Home-page: https://github.com/dathere/datapusher-plus
License: AGPL
Keywords: ckan csv tsv xls ods excel qsv
Classifier: Development Status :: 5 - Production/Stable
Classifier: License :: OSI Approved :: GNU Affero General Public License v3 or later (AGPLv3+)
Classifier: Programming Language :: Python :: 3.8
Classifier: Programming Language :: Python :: 3.9
Classifier: Programming Language :: Python :: 3.10
Description-Content-Type: text/markdown
License-File: LICENSE

[CKAN Service Provider]: https://github.com/ckan/ckan-service-provider
[Messytables]: https://github.com/okfn/messytables
[qsv]: https://github.com/jqnatividad/qsv#qsv-ultra-fast-csv-data-wrangling-toolkit

# DataPusher+

DataPusher+ is a fork of [Datapusher](https://github.com/ckan/datapusher) that combines the speed and robustness of
[ckanext-xloader](https://github.com/ckan/ckanext-xloader) with the data type guessing of Datapusher.

Datapusher+ is built using [CKAN Service Provider][], with [Messytables] replaced by [qsv].
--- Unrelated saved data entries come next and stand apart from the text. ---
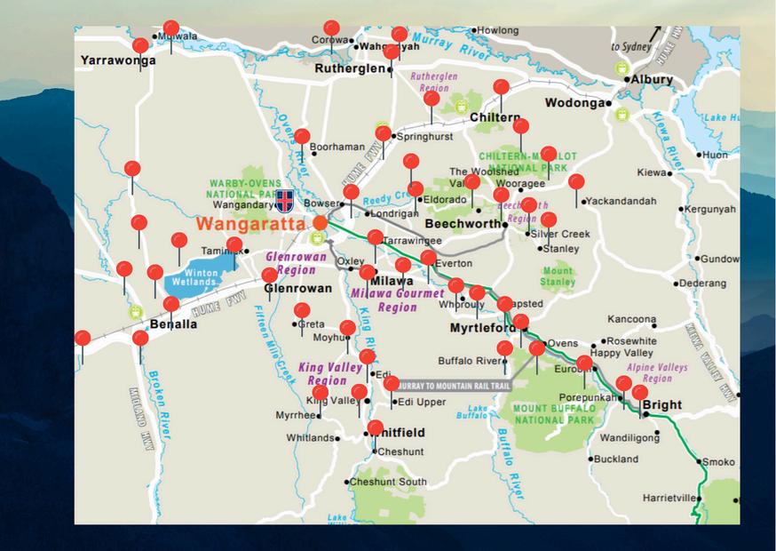 Wangaratta offers the chance live close to world-class, award-winning wines from renowned nearby wine regions such as King Valley, Glenrowan, Milawa Gourmet Region and Beechworth. Regional produce is celebrated both within the town's modern restaurants and throughout farms and wineries nestled around the region.
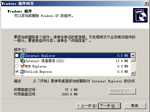 在本文中是為了實(shí)現(xiàn)簡(jiǎn)單的WEB 服務(wù),所以選擇了后,去點(diǎn),去里面去掉不需要的服務(wù),在提示的窗口中,我們只選擇圖中打勾的,是必須的,其它把勾都去了,結(jié)果如圖。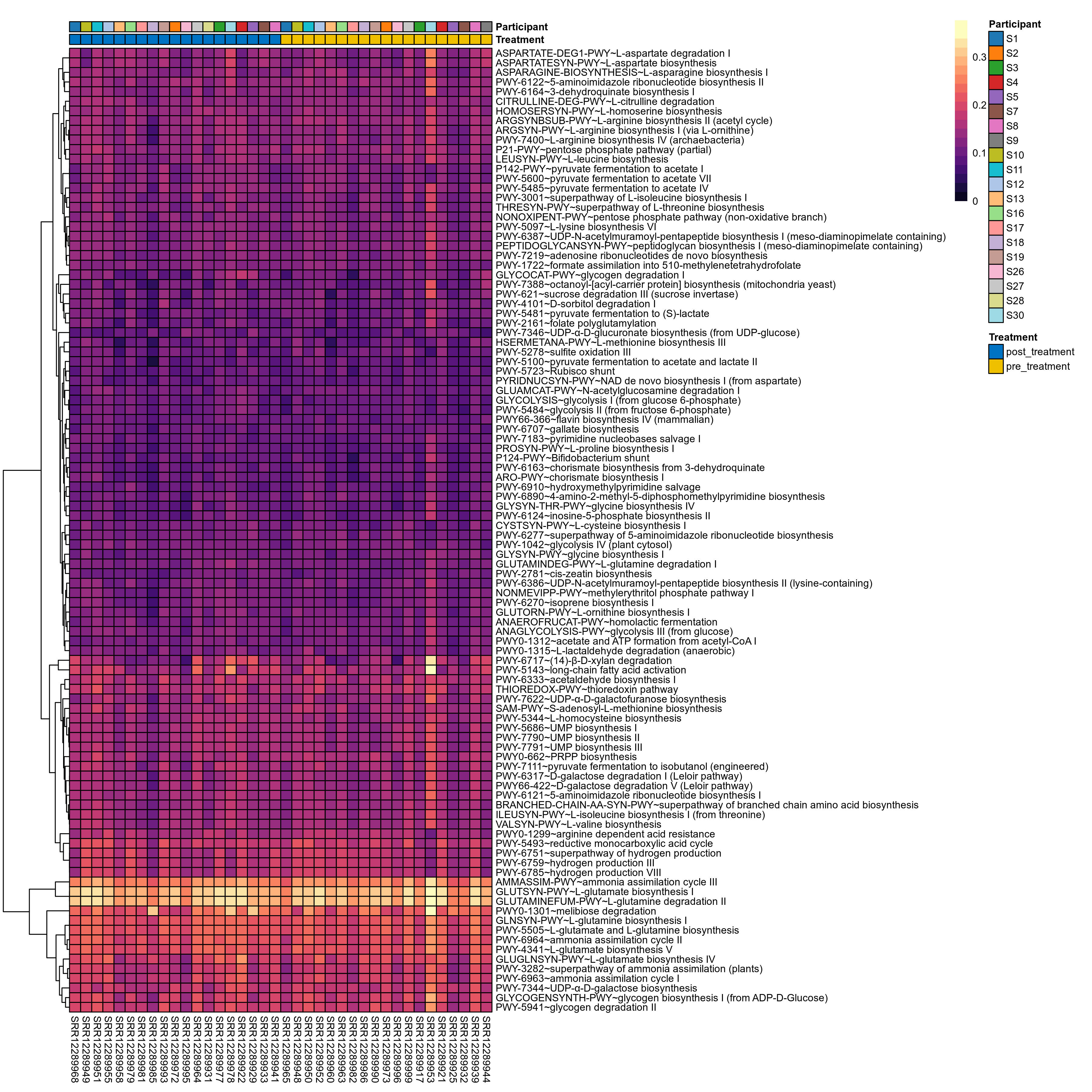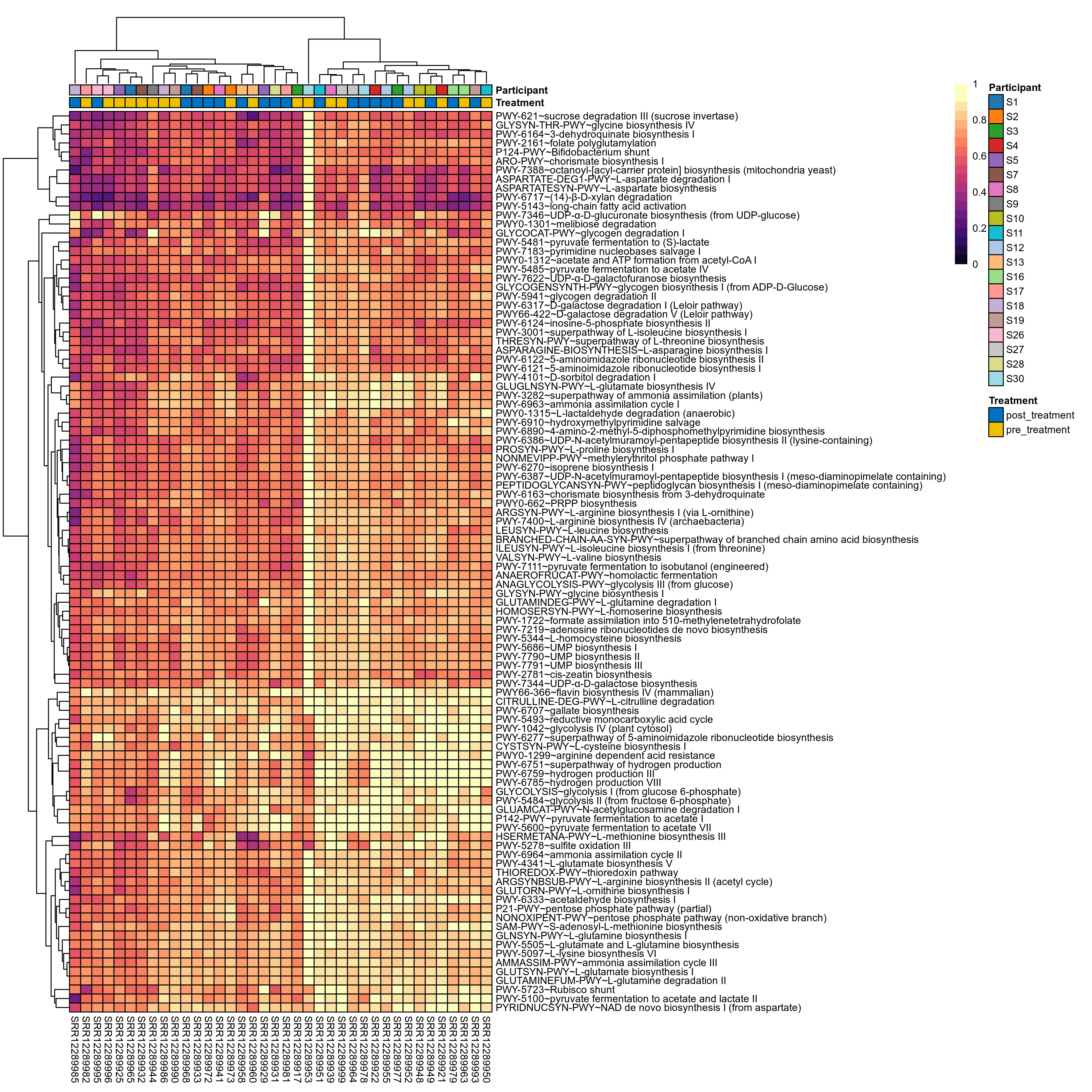 | PWY-6124~inosine-5-phosphate biosynthesis II | 0.85 | 0.97 | 1 | 0.59 | 0.94 | 1 | 0.012 | 0.012 | 0.01 | 0.012 | 0.012 | 0.0035 | 0.012 | 0.01 | 0.0048 | 0 | 38 / 38 (100%) | 19 / 19 (100%) | 19 / 19 (100%) | 1 | 1 |

[TNRIS](https://tnris.org)/[TWDB](https://www.twdb.texas.gov/) provided the use cases that informed and supported the development
of Datapusher+, specifically, to support a [Resource-first upload workflow](docs/RESOURCE_FIRST_WORKFLOW.md#Resource-first-Upload-Workflow).
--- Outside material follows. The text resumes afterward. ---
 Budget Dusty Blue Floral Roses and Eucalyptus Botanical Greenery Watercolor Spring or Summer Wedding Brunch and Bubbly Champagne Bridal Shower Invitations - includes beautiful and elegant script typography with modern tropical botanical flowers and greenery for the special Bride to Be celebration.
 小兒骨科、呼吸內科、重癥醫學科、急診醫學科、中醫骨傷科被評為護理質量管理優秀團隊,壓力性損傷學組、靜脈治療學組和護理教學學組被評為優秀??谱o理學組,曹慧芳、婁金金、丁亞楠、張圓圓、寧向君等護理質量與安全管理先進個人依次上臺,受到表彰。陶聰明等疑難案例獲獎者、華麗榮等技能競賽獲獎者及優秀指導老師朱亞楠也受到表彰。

For a more detailed overview, see the [CKAN Monthly Live Jan 2023 presentation](https://docs.google.com/presentation/d/e/2PACX-1vT0BfmrrtaEINRGg4UI_m7B02_X6HlFr4yN_DXmgX9goVtgu2DNmZjl-SowL9ZA2ibQhDjScRRJh95q/pub?start=false&loop=false&delayms=3000).

It features:

* **"Bullet-proof", ultra-fast data type inferencing with qsv**

  Unlike [Messytables][] which scans only the the first few rows to guess the type of
  a column, [qsv][] scans the entire table so its data type inferences are guaranteed[^1].

  Despite this, qsv is still exponentially faster even if it scans the whole file, not
  only inferring data types, it also calculates some descriptive statistics as well. For example,
  [scanning a 2.7 million row, 124MB CSV file for types and stats took 0.16 seconds](https://github.com/jqnatividad/qsv/blob/master/docs/whirlwind_tour.md#a-whirlwind-tour)[^2].

  It is very fast as qsv is written in [Rust](https://www.rust-lang.org/), is multithreaded,
  and uses all kinds of [performance techniques](https://github.com/jqnatividad/qsv/blob/master/docs/PERFORMANCE.md#performance-tuning)
  especially designed for data-wrangling.

* **Exponentially faster loading speed**

  Similar to xloader, we use PostgreSQL COPY to directly pipe the data into the datastore,
  short-circuiting the additional processing/transformation/API calls used by Datapusher.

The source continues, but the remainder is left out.